H _{boiler_out}: boiler export enthalpy [J/kg],

H _{boiler_in}: boiler inlet enthalpy [J/kg],

G _boiler: boiler flow [kg/s],

H _{reheater_out}: reheating portion outlet enthalpy [J/kg],

H _{boiler_in}: reheating portion entrance enthalpy [J/kg],

G _reheater: reheating portion flow [kg/s],

W _elec: generator exports [W=J/s],

η _elec: generator efficiency [-].

5. the management method of generating equipment according to claim 4, is characterized in that,

The management method of described generating equipment also comprises:

Obtain the vacuum in described generating equipment; And

Based on described vacuum from a reference value well-behaved from described KA value from a reference value well-behaved from, evaluate the performance of the equipment beyond described condenser.

6. the management method of the generating equipment according to claim 4 or 5, is characterized in that,

The management method of described generating equipment also comprises:

The situation that described generating equipment is safeguarded and do not safeguard and continue use situation between compare expense; And

Based on the comparative result of described expense, judge whether the maintenance needing to carry out described generating equipment.

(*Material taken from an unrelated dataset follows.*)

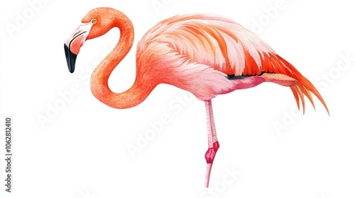 © B 7 YOU, Obraz premium A pink flamingo with long, elegant legs and a curved neck stands on one leg, isolated on a white background.

7. a management system for generating equipment, it is the system of management generating equipment, and the feature of the management system of described generating equipment is,

Described generating equipment comprises heating system, generator, condenser, measurement mechanism, control device and reheating portion,

Described heating system comprises boiler,

The management system of described generating equipment comprises:

(1) obtain the KA value of the heat conductivility representing condenser according to the thermal balance of described generating equipment, and (2) obtain the device of the vacuum in described generating equipment; And

The efferent of information exporting the information relevant to described KA value and be correlated with described vacuum,

Described control device, based on comprising being heated and the heat of being heated input in described reheating portion and the balance between the thermal output comprising the output of described generator and the heat release of described condenser from described boiler, uses and calculates described KA value with following formula,

KA＝W/Tm，

W＝(h _{boiler_out}-h _{boiler_in})·G _boiler+(h _{reheater_out}-h _{reheater_in})·G _reheater-W _elec/η _elec，

Wherein,

W: heat-shift [W=J/s],

Tm: log-mean temperature difference [K],

H _{boiler_out}: boiler export enthalpy [J/kg],

H _{boiler_in}: boiler inlet enthalpy [J/kg],

G _boiler: boiler flow [kg/s],

H _{reheater_out}: reheating portion outlet enthalpy [J/kg],

H _{boiler_in}: reheating portion entrance enthalpy [J/kg],

G _reheater: reheating portion flow [kg/s],

W _elec: generator exports [W=J/s],

η _elec: generator efficiency [-].

8. the management system of generating equipment according to claim 7, is characterized in that,

Described efferent show side by side or print represent described KA value from a reference value well-behaved from information and expression described vacuum from a reference value well-behaved from information.

9. the management system of generating equipment according to claim 8, is characterized in that,

Described control device, based on the information relevant to described KA value and the information relevant with described vacuum, judges the hydraulic performance decline of the equipment beyond described condenser and described condenser.